UMA breaks things down a bit differently, and has further options. A
"resource set" (often abbreviated simply "resource") is declarable
separately from the "scopes" that apply to it; this makes it especially
easy to have scopes that are custom to a resource set.

Resource sets can be given named "types", so that any resource sets that
are of standardized types (e.g. have standard data taxonomies applied to
them) can be marked as such, and perhaps given special automated
authorization/consent treatment. These data types could connect to security
labeling taxonomies as appropriate.

Any scopes we define can be declared in such a way that even those not
using the official FHIR API (or using an extended FHIR++ API or whatever)
could be invited to apply them to their own resource sets, thus encouraging
greater interop.

*Claims to satisfy policy*

Here's how UMA operates: The authorization server executes a resource
owner's requirements for "elevating trust" in the requesting side of the
equation before associating authorization data with a token that it gives
the requesting party's client app. Then when the client brings the token to
the resource server, the latter matches the token's authorization data
against the kind of access attempted before letting the client in.

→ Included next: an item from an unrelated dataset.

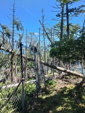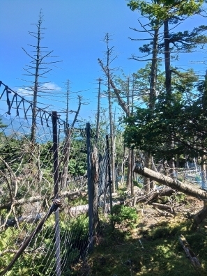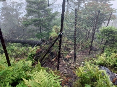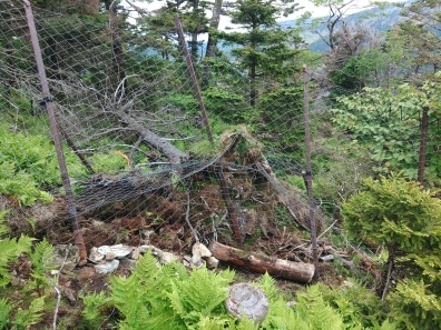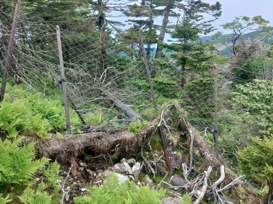 倒木により根が浮き上がり、その影響で防鹿柵のネット下部に隙間ができていました。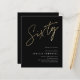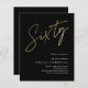 Modern minimalist 60th birthday party invitation features stylish faux gold foil number handwritten script Sixty and your party details in classic serif font on black background colour, simple and elegant, great surprise adult milestone birthday invitation for men and women. the black background colour can be changed to any colour of your choice.

We talk about the resource owner's requirements being expressed in
"policy", though UMA doesn't actually have a way to express policy on the
protocol wire. (Systems may internally use XACML or whatever they wish.)
However, the ability of an authorization server to handle resource owner
policy-setting and policy decision-making is intertwined with its needs and
abilities around detecting characteristics of the requesting side of the
equation.

That requesting side consists of two parts: the client application and the
requesting party (which could be a "natural person" or "legal person"). The
biggest element of trust elevation we usually talk about is
"claims-gathering", though there can be more to it.

Briefly, some of the use cases that can be solved with claims include:

   - Identification: Who is the requesting party?
   - Authentication: How strongly were they authenticated?
   - Attributes: What professional certifications do they have?
   - Purpose of use: What do they promise to do or not to do with my data?

-----

Perhaps more to come as we discuss and learn, such as potentially profiling
"design patterns".


*Eve Maler*ForgeRock Office of the CTO | VP Innovation & Emerging Technology
Cell +1 425.345.6756 | Skype: xmlgrrl | Twitter: @xmlgrrl
Join our ForgeRock.org OpenUMA <http://forgerock.org/openuma/> community!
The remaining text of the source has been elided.